The Python requirements.txt Builder turns a project type into a ready-to-install, version-pinned requirements.txt. Pick web API, data science, machine learning, CLI or scraping, and the tool emits the core libraries that project type actually uses — pinned for reproducible installs.
How it works
Each archetype maps to a curated set of packages with sensible recent versions. The tool renders one name==version or name~=version line per dependency, where the operator is either == for an exact pin or ~= for a compatible-release pin. Exact pins reproduce a build byte-for-byte; compatible-release pins like requests~=2.32.3 allow later patch versions (2.32.x) while blocking a minor bump that might break you. Optional development tools — pytest, ruff, mypy — are appended under a comment so you can split them into a requirements-dev.txt later.
Pinning notes
Pinning matters because, without it, pip installs whatever is newest at install time, so two deploys weeks apart can ship different code. Pins make the same versions land in CI, Docker and on your laptop. Direct pins do not freeze transitive dependencies though — for that, compile a lock file:
pip install pip-tools
pip-compile requirements.in # produces a fully pinned requirements.txt
Project types and their core libraries
Each archetype includes the libraries you genuinely need for that type of project, not everything you might conceivably use.
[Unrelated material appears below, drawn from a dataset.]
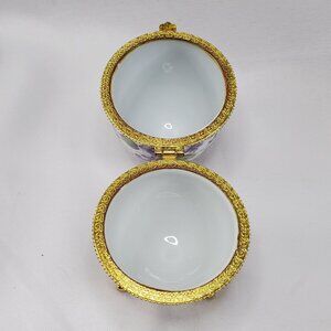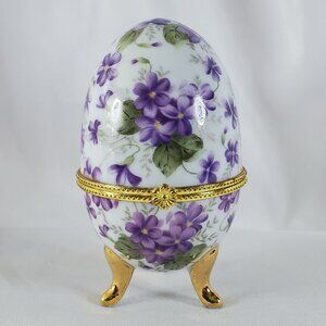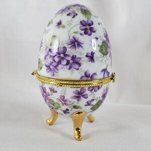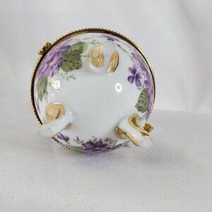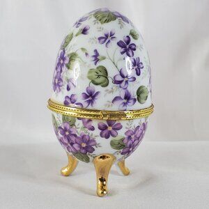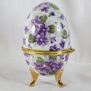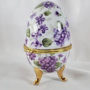 Vintage Egg Shaped Violet Floral Porcelain Trinket Box Hinged Footed Jewelry Box

Web API includes a web framework (such as FastAPI or Flask), an ASGI/WSGI server for production, database access (SQLAlchemy or similar), and a validation layer. The goal is a server you can deploy to a production host immediately.
Data science centres on the scientific Python stack — numerical arrays, data frames, plotting — plus a notebook environment. Libraries are pinned conservatively because NumPy and pandas have binary compatibility constraints between their own versions.
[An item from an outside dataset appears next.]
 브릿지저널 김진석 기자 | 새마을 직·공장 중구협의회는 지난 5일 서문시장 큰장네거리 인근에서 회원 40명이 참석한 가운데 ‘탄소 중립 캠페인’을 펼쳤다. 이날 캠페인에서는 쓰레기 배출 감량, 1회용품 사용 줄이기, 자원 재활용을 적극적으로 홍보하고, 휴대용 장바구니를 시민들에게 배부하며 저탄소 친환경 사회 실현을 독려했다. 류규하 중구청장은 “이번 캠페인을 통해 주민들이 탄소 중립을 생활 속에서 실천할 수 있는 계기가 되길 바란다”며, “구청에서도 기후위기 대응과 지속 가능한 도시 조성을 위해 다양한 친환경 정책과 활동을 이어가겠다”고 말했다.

Machine learning adds a deep learning framework and training utilities on top of the data science base. Note that GPU-accelerated versions of PyTorch or TensorFlow have separate install instructions that require matching CUDA versions — the requirements file covers the CPU-friendly variant.
CLI tools are lighter: an argument parser, a terminal output library, and optional configuration management. These installs are typically fast and do not require native compilation.
Scraping includes an HTTP client, an HTML parser, and optionally a headless browser driver for JavaScript-rendered pages. Add rate-limiting and polite crawling practices to any scraping project.
Splitting dev dependencies
Keeping test and lint tools out of your production image reduces its size and limits exposure. The generated file marks optional dev tools with a comment; create a separate requirements-dev.txt that includes the main file and adds test tools:
# requirements-dev.txt
-r requirements.txt
pytest==8.2.0
ruff==0.4.4
mypy==1.10.0
pytest-cov==5.0.0
Install both in development with pip install -r requirements-dev.txt. The production Docker image installs only requirements.txt.
Tips
Install with pip install -r requirements.txt inside a virtual environment. The bundled versions are a starting point, not a live feed — run pip list --outdated periodically and re-pin. For new projects, consider a modern manager like uv or Poetry, which records the full resolved dependency tree automatically.